Reasoning Models: Still Expensive
DeepSeek R1 and GLM-4.7 use "reasoning tokens"—internal chain-of-thought that counts against output. For simple commands:
- DeepSeek R1: 1,897 avg tokens (20x typical) at 1,408ms
- GLM-4.7: 843 avg tokens (8x typical) at 3,852ms
Despite this overhead, DeepSeek R1 ranks 3rd in quality (11.5%). The reasoning helps—but at 20x the token cost. For atomic tool use, the economics rarely justify it.
Methodology
500 operations derived from a first-principles taxonomy of bash/shell tool use: filesystem, text, network, process, security, containers, version control, data transformation, archiving, system administration, user management, and time operations.

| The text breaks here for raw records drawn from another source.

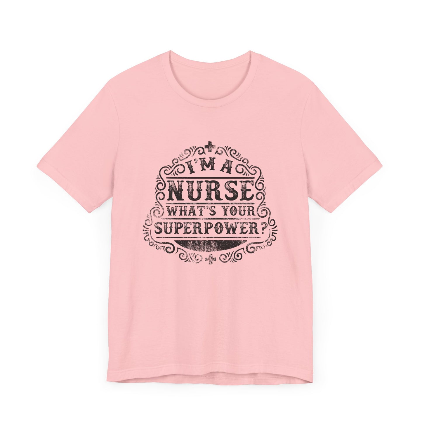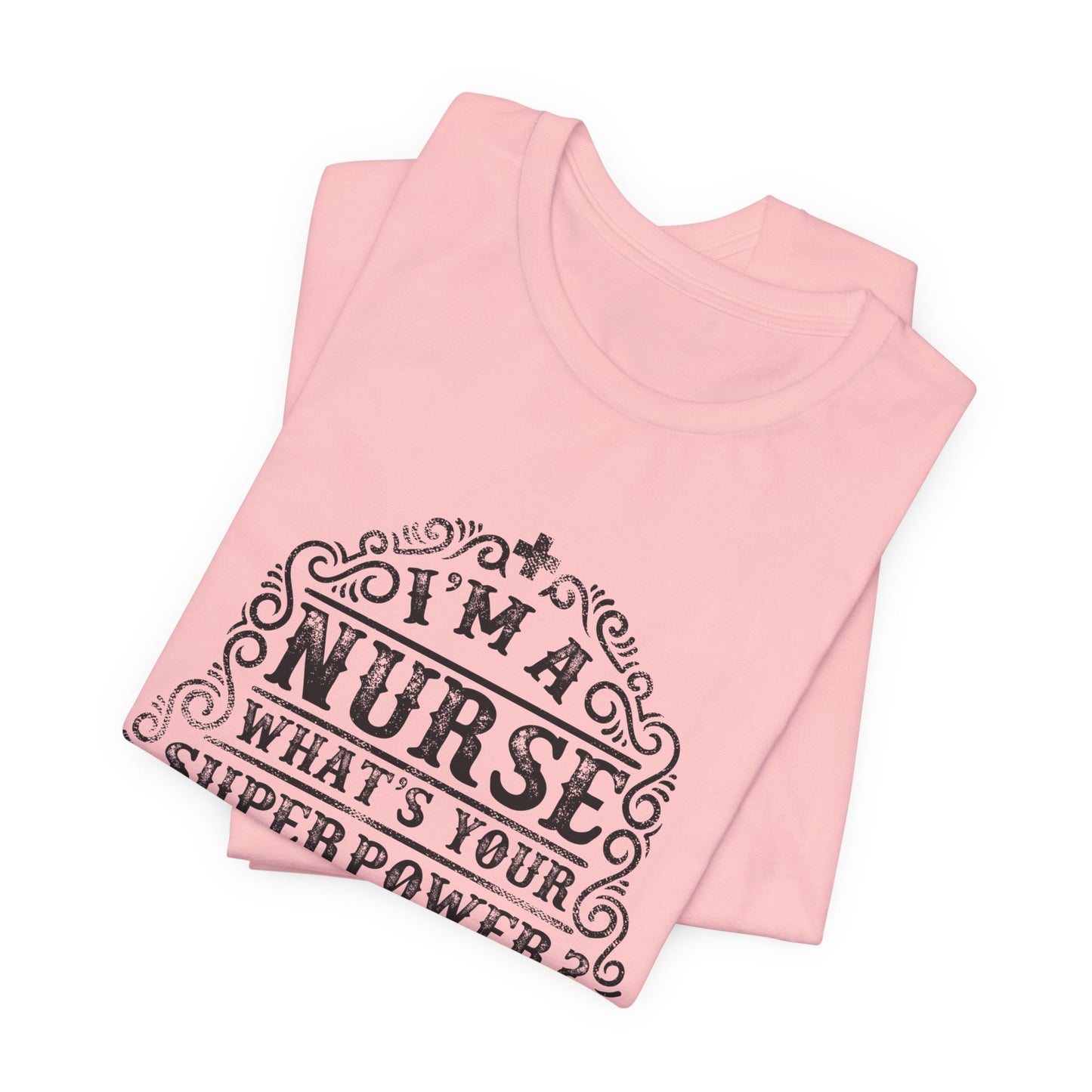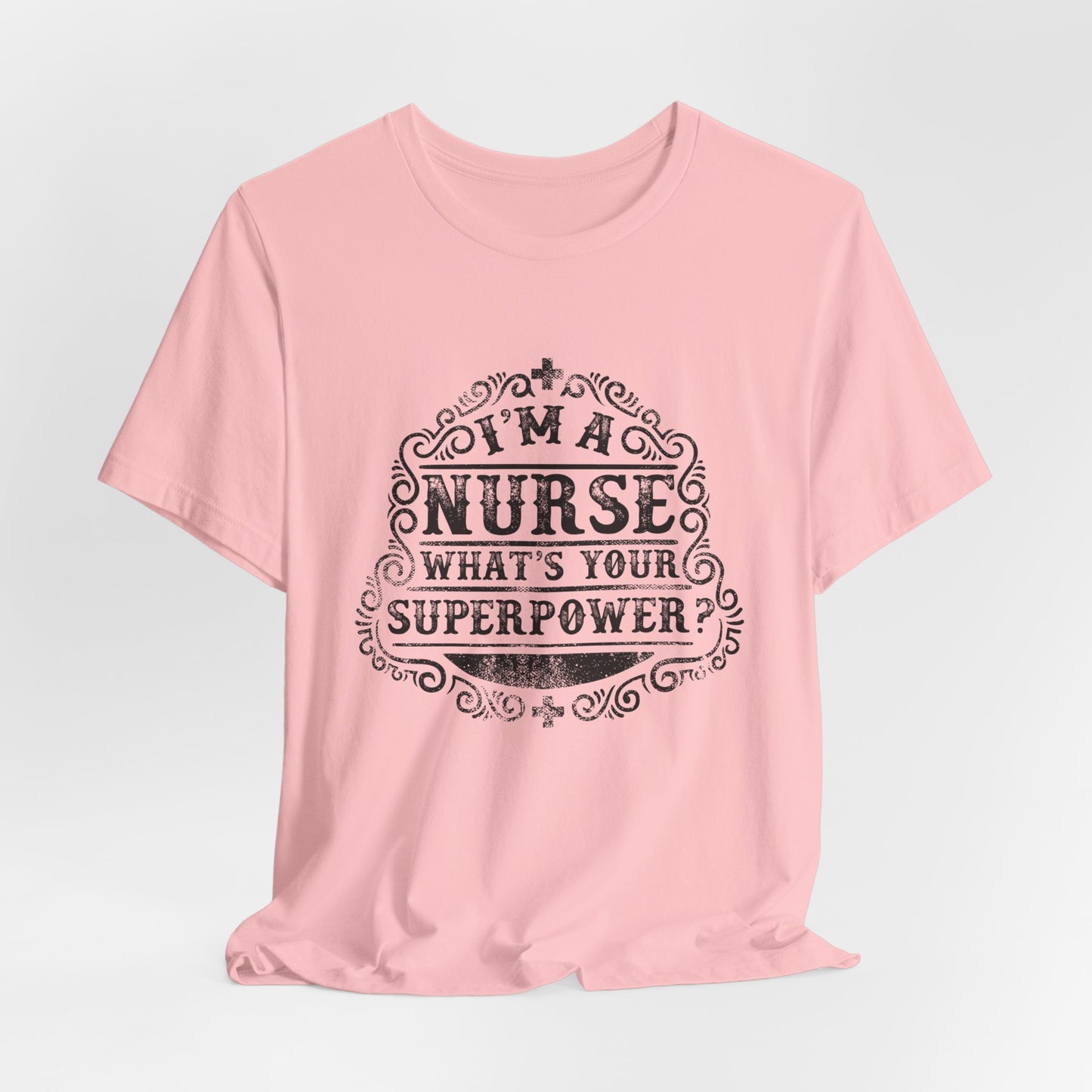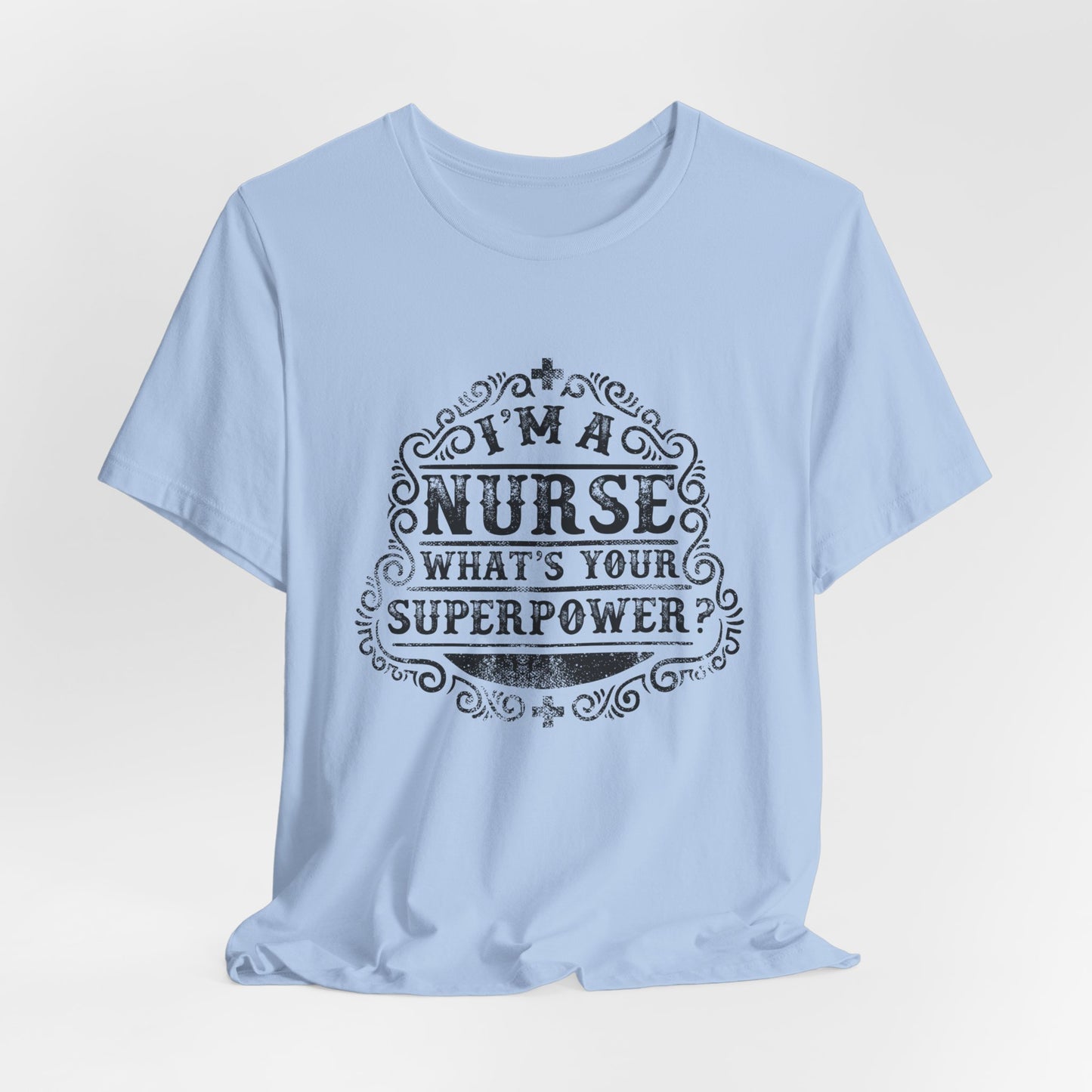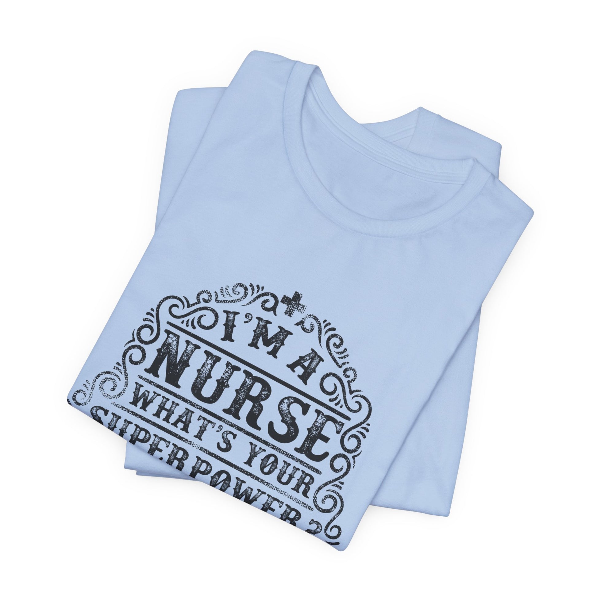 Embrace your superpowers with our "I'm A Nurse, What's Your Superpower?" tee. Whether you’re treating yourself or giving it as a gift, this t-shirt is a fun and empowering way to celebrate the extraordinary impact of nursing. Get yours today and let your superhero side shine!
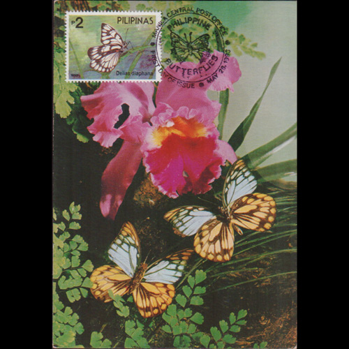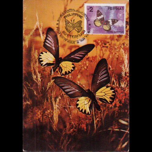 | 说明:贴蝴蝶(2p)。首日纪念戳。 |
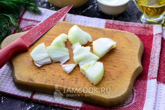 Почищенный репчатый лук нарежьте средними ломтиками.
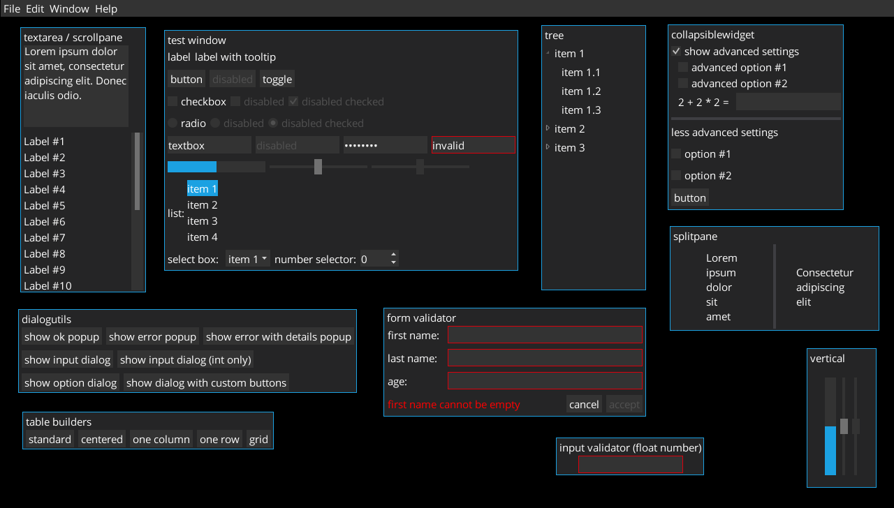 VisUI allows to create nice looking UI in libGDX using scene2d.ui. Library contains scene2d.ui skin, useful widgets like color picker and file chooser, it also contains modified scene2d.ui widgets to provide some extra functionality like focus borders, background change on over and click, etc.
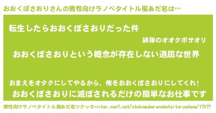 | 女子向けラノベタイトル風あだ名 | 『異世界で失敗しない100のおおくぼさおり』 |
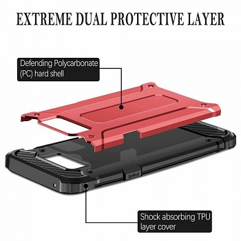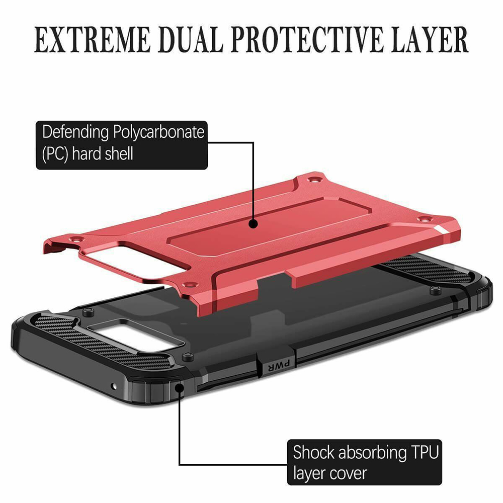 Pouzdro Techsuit Hybrid Armor se pyšní robustním a moderním designem, který okamžitě upoutá pozornost. Jeho konstrukce je založena na dvojité ochranné vrstvě: vnitřní část tvoří flexibilní, nárazy absorbující TPU materiál, který efektivně tlumí otřesy a pády. Vnější vrstva je vyrobena z pevného polykarbonátu (PC), který dodává pouzdru extrémní odolnost proti poškrábání a nárazům. Kombinace těchto materiálů zajišťuje maximální ochranu pro vaše zařízení. Design je doplněn o zvýšené okraje, které chrání displej a fotoaparát před přímým kontaktem s povrchem, a o taktilní kryty tlačítek, které zachovávají jejich citlivost a jistý stisk. Zadní strana pouzdra má výrazné linie a texturu, která zlepšuje úchop a dodává pouzdru dynamický vzhled.

Phase 1: Generation. Each model generates commands with temperature=0. Heavy parallelization (100 concurrent requests) to minimize wall-clock time. Results cached incrementally.
Phase 2: Quality Judging. GPT-4o evaluates each (goal, command) pair for correctness and assigns a 0-10 quality score. 5,000 total judgments. The judge prompt asks: "Does this command correctly achieve the goal? Consider: correctness, safety, whether it would actually work."
The full benchmark code and results are available at github.com/agentiagency/tool-use-benchmark.